ChatGPT Gets 'Absolutely Wrecked' in Chess Match with 1978 Atari

4 Hary06 3 6/18/2025, 4:41:24 PM pcmag.com ↗

Comments (3)

PaulHoule · 5h ago
I wouldn't expect ChatGPT to reliably get through a game without making an invalid move, which is the "minimal viable product" for a chess program. The 2600 program does succeed at this because it has correct data structures and algorithms.
morkalork · 5h ago
Right, an ML model failing on a task it wasn't trained on is not news. That's not to say there aren't problems LLMs can do surprisingly well on even though they weren't explicitly trained to do. Those cases are certainly newsworthy. But that's not the case here.
rossdavidh · 5h ago
Chess programs, from this Atari one all the way up to Stockfish, have code custom-made for chess. Things like, storing the current state of the chessboard, and determining what legal moves are available. None of this is what neural networks (LLMs or otherwise) are good at.

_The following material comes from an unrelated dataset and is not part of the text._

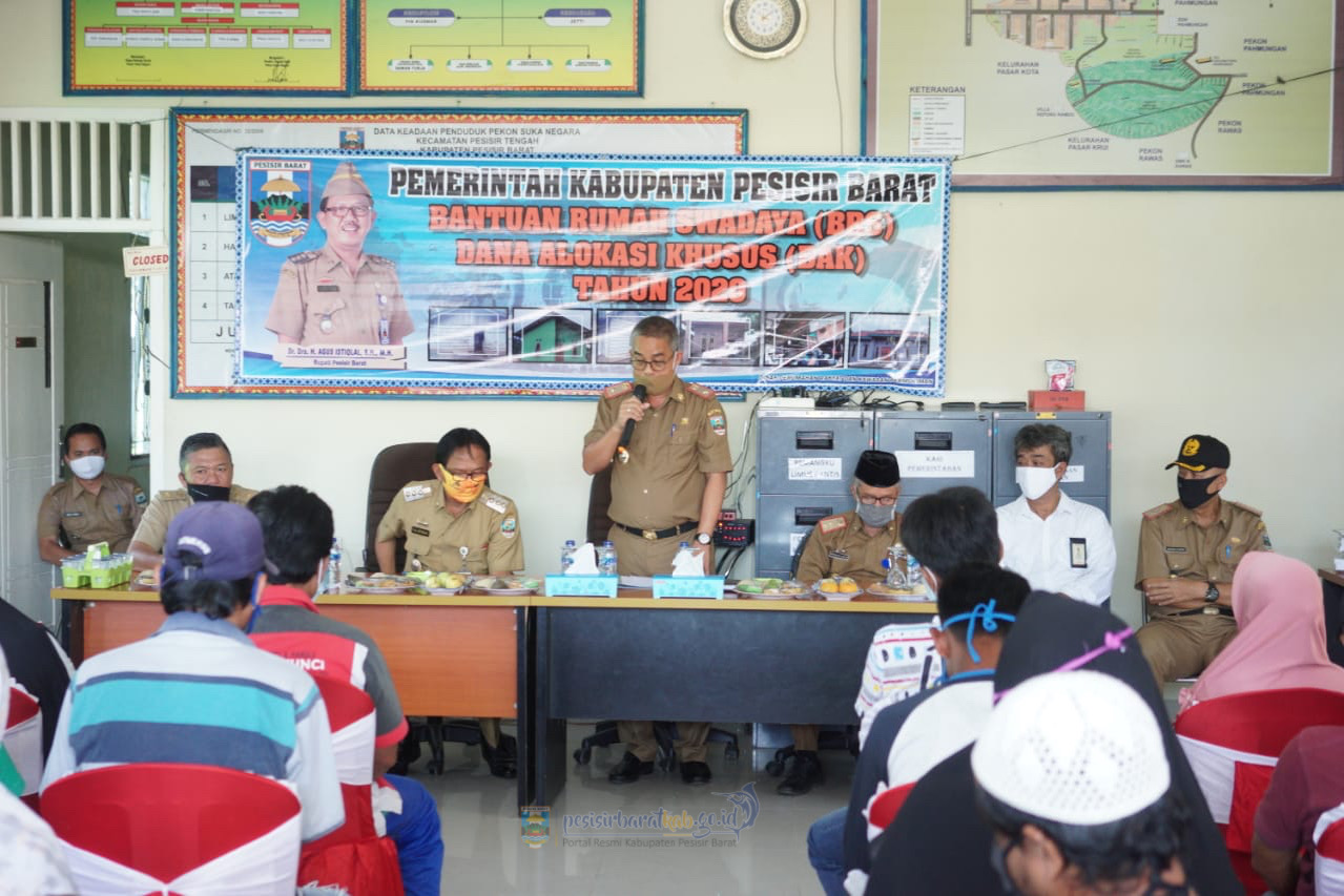 Dalam Sambutan Bupati Pesisir Barat Dr. Drs. H. Agus Istiqlal, SH.,MH bantuan rumah swadaya (brs) diberikan Pemerintah melalui Kementrian PUPR dak bidang perumahan diberikan oleh Kementrian PUPR Tahun 2020, merupakan program yang diamanatkan oleh undang-undang, khususnya undang-undang no 1 Tahun 2011 tentang perumahan dan kawasan permukiman, serta sebagai wujud nyata perhatian pemerintah kepada masyarakat dalam bentuk bantuan rumah swadaya.

Which doesn't mean that the result doesn't mean anything. Some of the AI hype implies that neural networks are now an "anything box" that will learn any subject, without the need of a topic expert to make application-specific development. But, you know, it isn't. That doesn't make LLMs useless, but it does reinforce some of what Apple (and others) have been saying lately about the ability of "AI" (actually "machine learning") to generalize.

Which will (eventually) have a big impact on the ability of LLMs to make money off of anything other than attention/hype. There is a business model, for summarizing reviews, correcting grammar, helping out programmers with less complex tasks, etc. I'm not sure it pays for the amount of hardware being thrown at it.